GOAL OF THE EXERCISE ::
Wherever a picture appears in the listing, leave it out, and copy the rest exactly.

DATASET CONTENT ::
---

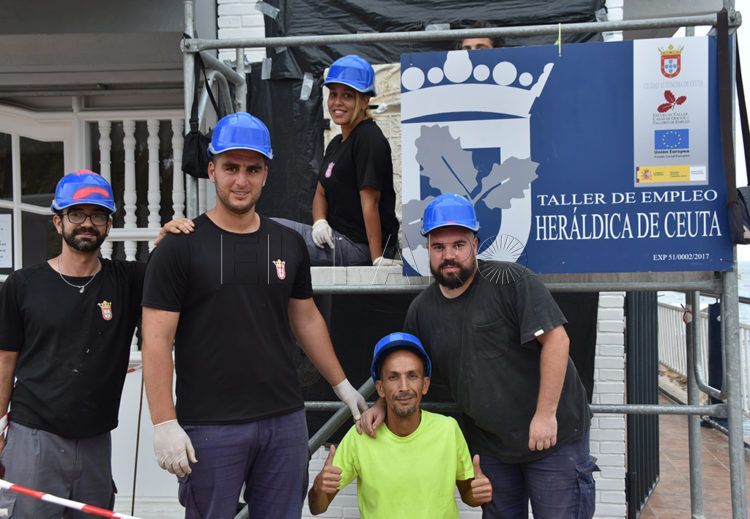 Aún no ha transcurrido un año desde que echó a andar y los integrantes del ‘Taller de empleo Heráldica de Ceuta’ ya pueden decir que por sus manos ha pasado parte de la historia local y de su patrimonio cultural. Un grupo de 16 alumnos, dos monitores y un administrativo de esta iniciativa, bajo las órdenes de su director, Terencio Penalva, están inmersos en la recuperación del Escudo de Felipe V, un emblema del siglo XVIII ubicado en la fachada principal del Club Natación Caballa que presenta la leyenda ‘Felipe V, Rey de las Españas’.
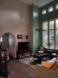 This two-bedroom, two-bath townhouse offers the comfort of a standalone retreat with no neighbors above or below. Expansive 20-foot ceilings and large windows fill the open-concept living area with natural light. Thoughtful furnishings and tranquil décor create a warm, inviting space to relax after a day in the sun.
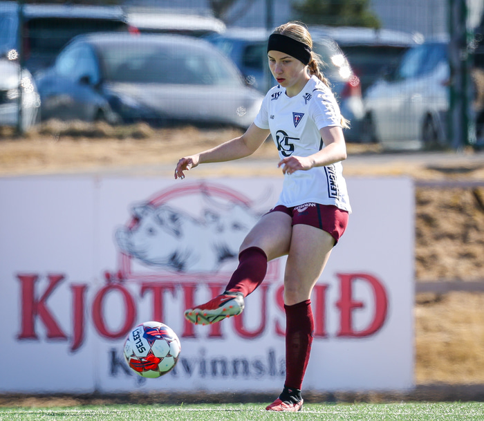 Arna Eiríksdóttir stóð vaktina vel í vörn FH þegar liðið vann dramatískan sigur gegn Þrótti og hélt Aldís Guðlaugsdóttir hreinu í markinu.
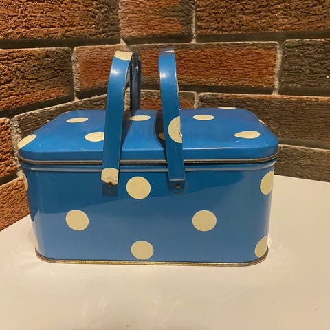 Selger en kjempesøt, vintage barnekoffert i papp med et klassisk hvitt og blått blomstermønster.

---

SOLUTION TO THE PROBLEM ::
 Aún no ha transcurrido un año desde que echó a andar y los integrantes del ‘Taller de empleo Heráldica de Ceuta’ ya pueden decir que por sus manos ha pasado parte de la historia local y de su patrimonio cultural. Un grupo de 16 alumnos, dos monitores y un administrativo de esta iniciativa, bajo las órdenes de su director, Terencio Penalva, están inmersos en la recuperación del Escudo de Felipe V, un emblema del siglo XVIII ubicado en la fachada principal del Club Natación Caballa que presenta la leyenda ‘Felipe V, Rey de las Españas’.
 This two-bedroom, two-bath townhouse offers the comfort of a standalone retreat with no neighbors above or below. Expansive 20-foot ceilings and large windows fill the open-concept living area with natural light. Thoughtful furnishings and tranquil décor create a warm, inviting space to relax after a day in the sun.
 Arna Eiríksdóttir stóð vaktina vel í vörn FH þegar liðið vann dramatískan sigur gegn Þrótti og hélt Aldís Guðlaugsdóttir hreinu í markinu.
 Selger en kjempesøt, vintage barnekoffert i papp med et klassisk hvitt og blått blomstermønster.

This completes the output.